第20話 新たな決意

 さすが値段が高いだけあって、スーパーで買うようなりんごとは味や食感が違う。

 今更だがきらなが剥いた方のりんごは味が余分に抉った身と同様に、数段落ちてしまっているのではないか。

 確かに皮は剥き残しがなく剥かれているが、及第点を突破しているだけだ。

 味の質を落とさない剥き方は、女の子の方に軍配が上がる。


 きらなが剥いたりんごを女の子が食べ、おいしー、とほっぺたを手で押さえる。

 病院食に飽きていたようで、味の感想がオーバーリアクション気味だが嘘ではないようだ。


「…………ごめんね」


「え? いいよいいよ、形は悪いけど美味しいよ?」

「そうじゃなくて」


 りんごの話じゃない。こんなことでごめんと言うきらなではないのだから。


「足、の話」


 もしかしたら、女の子の方が気を遣ってこの話題を出さないように振る舞っていてくれたのかもしれない。

 だが、彼女のその優しさに甘えてはならない。

 彼女が怒りを露わにしないのならば、きらなから切り込むしかないし、そうしなければならなかった。


 いつまでも、逃げたままではいられない。


「わたしのせいで、痛い思いを、恐い思いをさせて……ごめんなさい」


 しっかりと頭を下げる。

 もちろん、これで許されるとは思っていない。

 たとえ、これから先どれだけ彼女に尽くしたところで取り返せない過ちかもしれないけど……、言葉にしなければならないと思った。


 罵声を浴びせられると、思っていた。許してはもらえないのだろうと。

 だが、女の子は首を左右に振った。


「ううん。それはもういいの。原因を言ったらお姉ちゃんなのかもしれないけど、わざとじゃないでしょ?」


 ここで嘘を言って、悪役を演じても意味はないだろうと思い、素直に頷いた。


「じゃあいいよ。それにね、それ以上に――お姉ちゃんからは勇気をもらったの」

「勇、気……?」


「うん! 魔法少女じゃないのに、怪人に立ち向かって、しかも退治しちゃうなんてお姉ちゃんは凄いね!」


 女の子が見せた笑顔には見覚えがあった。


 ずっと、きらな自身が違う誰かに向けていたのと同じ表情。


 ――憧れ。


「お姉ちゃんみたいになりたいの!」



 怪人を相手するのに、魔法少女でなくてはいけない理由はなんだ? 


 責任を取れるかどうか? 

 衣装? 

 ステッキ? 

 魔法? 


 目に訴える見た目をしていれば人を惹きつけやすくなるのは当然だ。

 足を止めさせ、ぐっとこちらの世界へ引きずり込む。

 その場合、立ち止まってくれた人が多ければ多いほど、引き込める人数も多大に変わってくる。

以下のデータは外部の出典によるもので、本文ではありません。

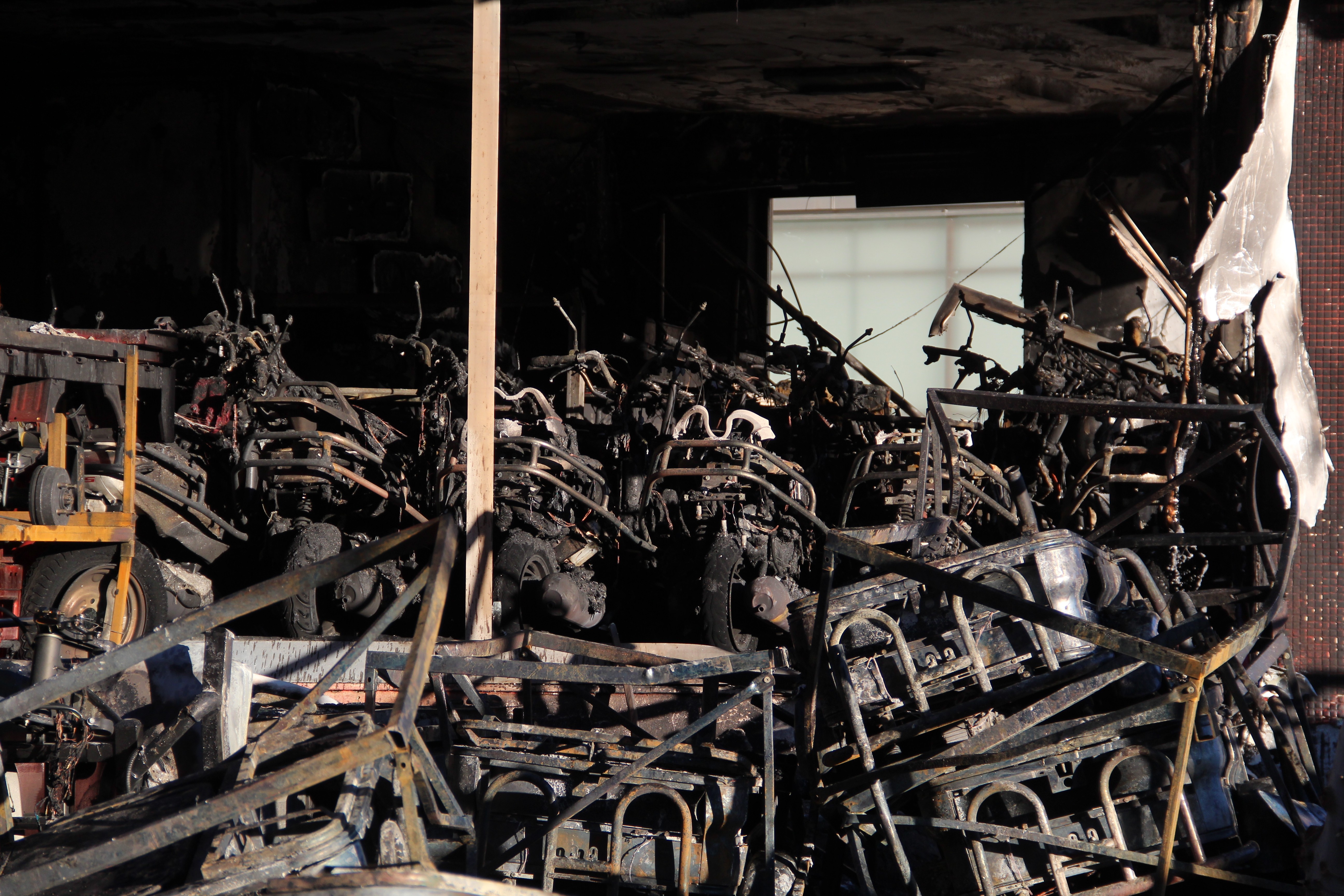 Sabahın ilk ışıklarıyla birlikte felaketin boyutu da ortaya çıktı. İki katlı iş yerindeki tüm motosikletlerin yandığı ve çıkan siyah dumanların üst katları da etkilediği görüldü. Olay yeri inceleme ekipleri iş yerinde içinde ve çevresinde detaylı inceleme yaptı. Satışın yanında tamirde yapılan iş yerinde sadece 5 motosikletin kurtarılabildiği görüldü.
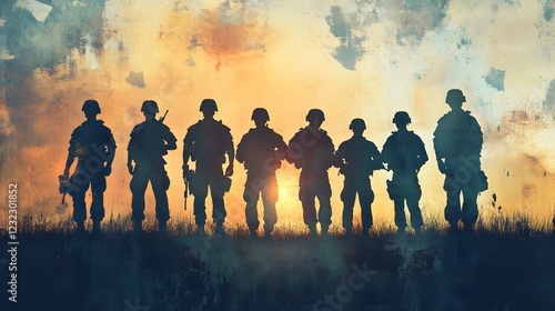 Silhouettes of Valor: A poignant and powerful silhouette of soldiers standing together, their forms starkly outlined against a dramatic sunset sky, a poignant reminder of their courage and sacrifice.
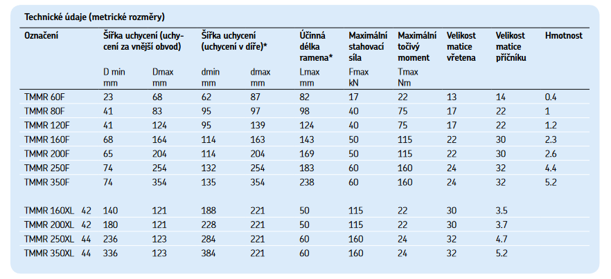 Čelisťové stahováky s otočnými rameny řady TMMR F
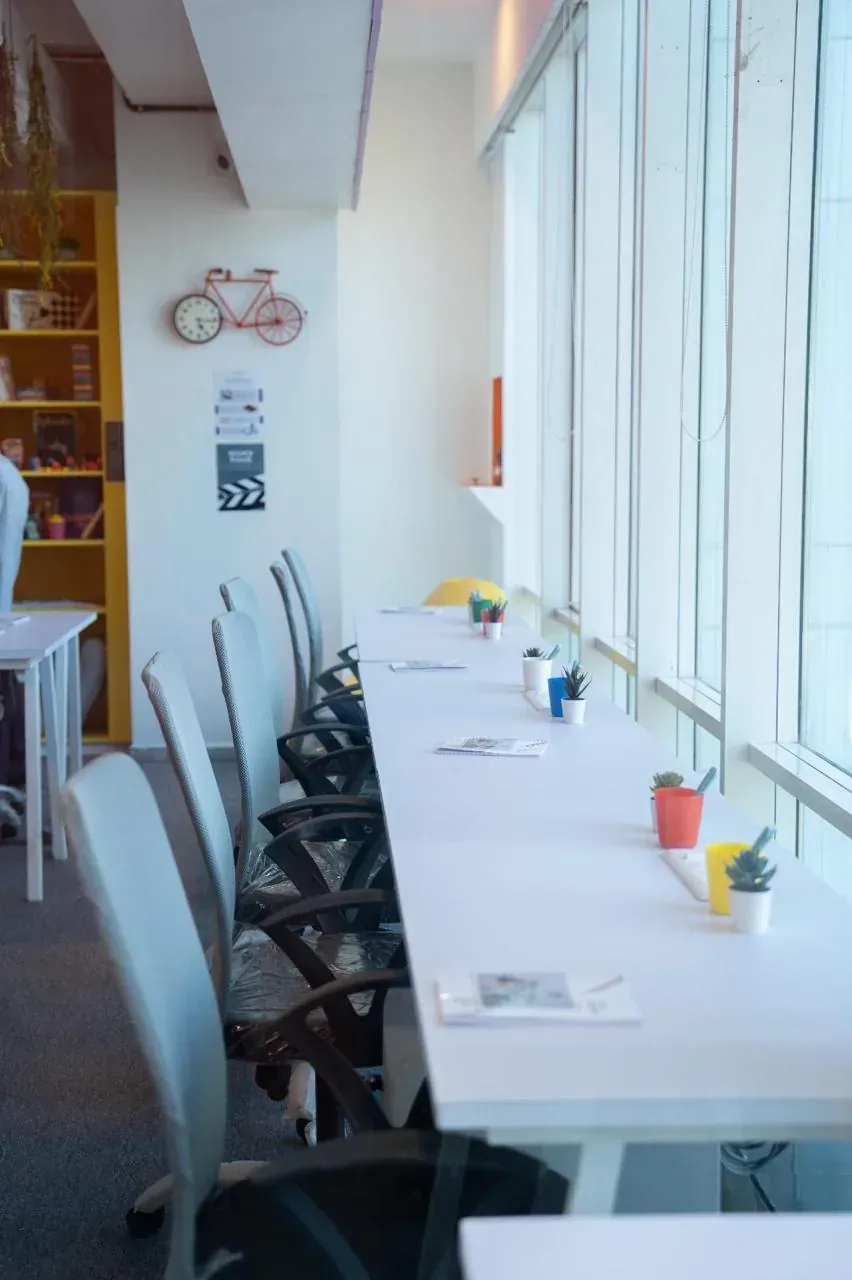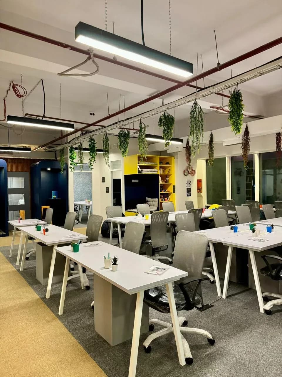Every detail of Synergy has been designed to keep you in the zone — from the hanging greenery that softens the open floor to the floor-to-ceiling windows that frame a Mumbai skyline view. It's a workspace that inspires by design.
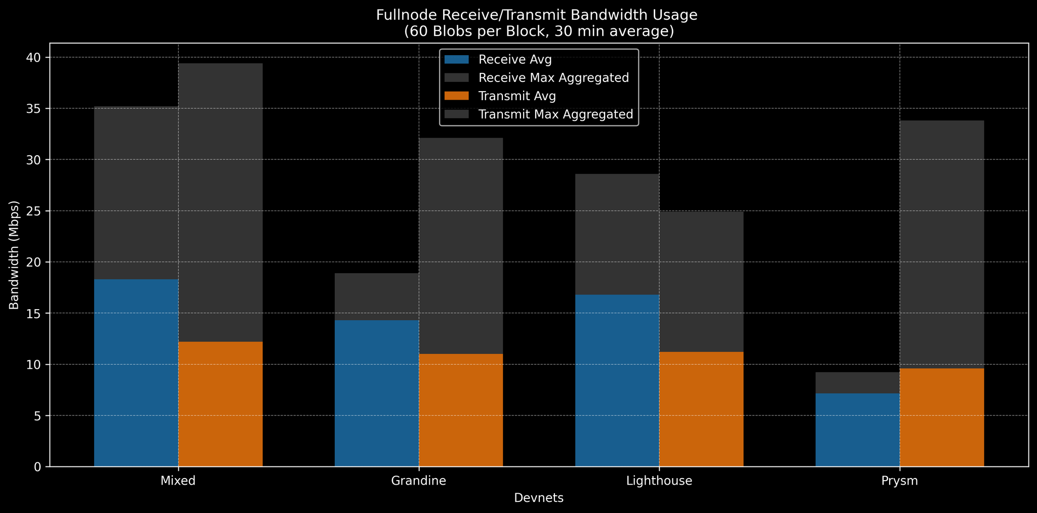 混合 Devnet 和单个 CL Devnet 的 60 个 blob/区块下的 Fullnode 带宽基准
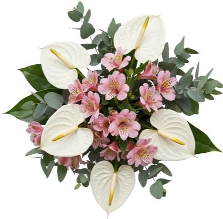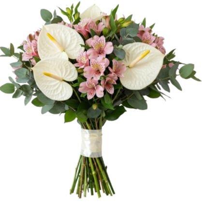 The Anthurium with Alstroemeria Bouquet is a striking and modern arrangement that blends the bold elegance of anthuriums with the delicate charm of alstroemeria blooms. Enhanced with fresh greenery, this bouquet offers a perfect balance of structure, color, and sophistication — ideal for gifting or adding a stylish touch to any space. This bouquet is perfect for modern interiors, thoughtful gifts, or celebratory occasions. With its unique blend of strong lines and soft details, it leaves a lasting impression of elegance and care.
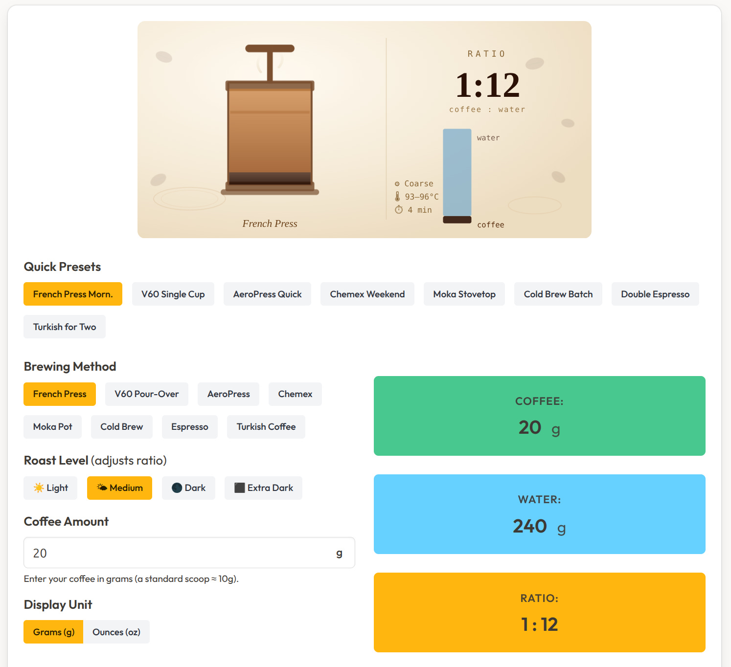 → Try the Coffee Brew Ratio Calculator on riatto.ovh
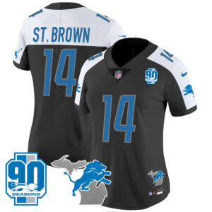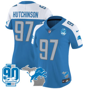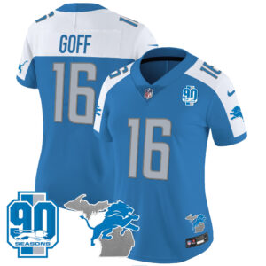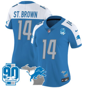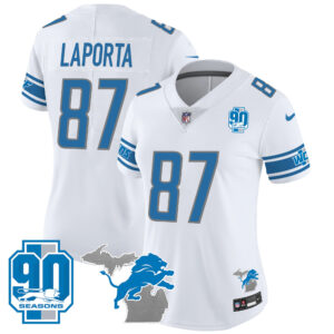 Women’s Detroit Lions 90th Year & Michigan Patch Vapor Jersey – All Stitched

 結局、パーセンテージの増減でしかないのではないか?


 魔法少女は子供たちに夢を与える。

 魔法少女の真似事をした素人は被害が全方位に向かってしまう。

 魔法少女を困らせ、町にダメージを与え、子供を危険な目に遭わせてしまう。


 きらなの不用意な行動によって、挙げた三つの要素を引き起こしていた。


 不足しているものを言い出したらきりがない。

 素人が魔法少女と同じことをしようとしても上手くいくわけがないのだ。


 きらなもそれは身に染みて分かったはずだ……、――だが。


 彼女は一つだけ、本物にも劣らない、魔法少女にしかできない目的をやってのけた。


 たった一人……、それでも、魔法少女でない素人にしては、上出来以上だった。



 女の子に夢を与えた。


 魔法少女ですらない、きらなが。



「お姉ちゃんがあやまることなんかないよ。……ほんとはすぐに会って、言いたかったんだ。……ありがとうっ、みんなの町を守ってくれて」


 守れなかった、はずなのに。

 一人の女の子の夢や希望を奪ってしまったのに。

 彼女は、決して恨んではいなかったのだ。


 ……わたしは、間違っていなかった……?


 不安なら聞くべきだ。

 しかし小さな子供にそれを聞くべきではないというのは、迷いのあるきらなでも分かった。


 女の子にとって憧れの存在であるきらなが、不安に思っている質問をしてはならない。


 迷いがあっても、彼女に迷っていると悟られてはならない。


 どんな時だろうと、道を照らし続けなければならない。


 それが、憧れを抱かせた、きらなの責任だと思ったから。


「わたしは…………」


 もう、迷いはなかった。



「――これからも守るよ、みんなの町をね!」



 女の子が、うん! と笑顔を向けてくれた。それがなによりも嬉しかった。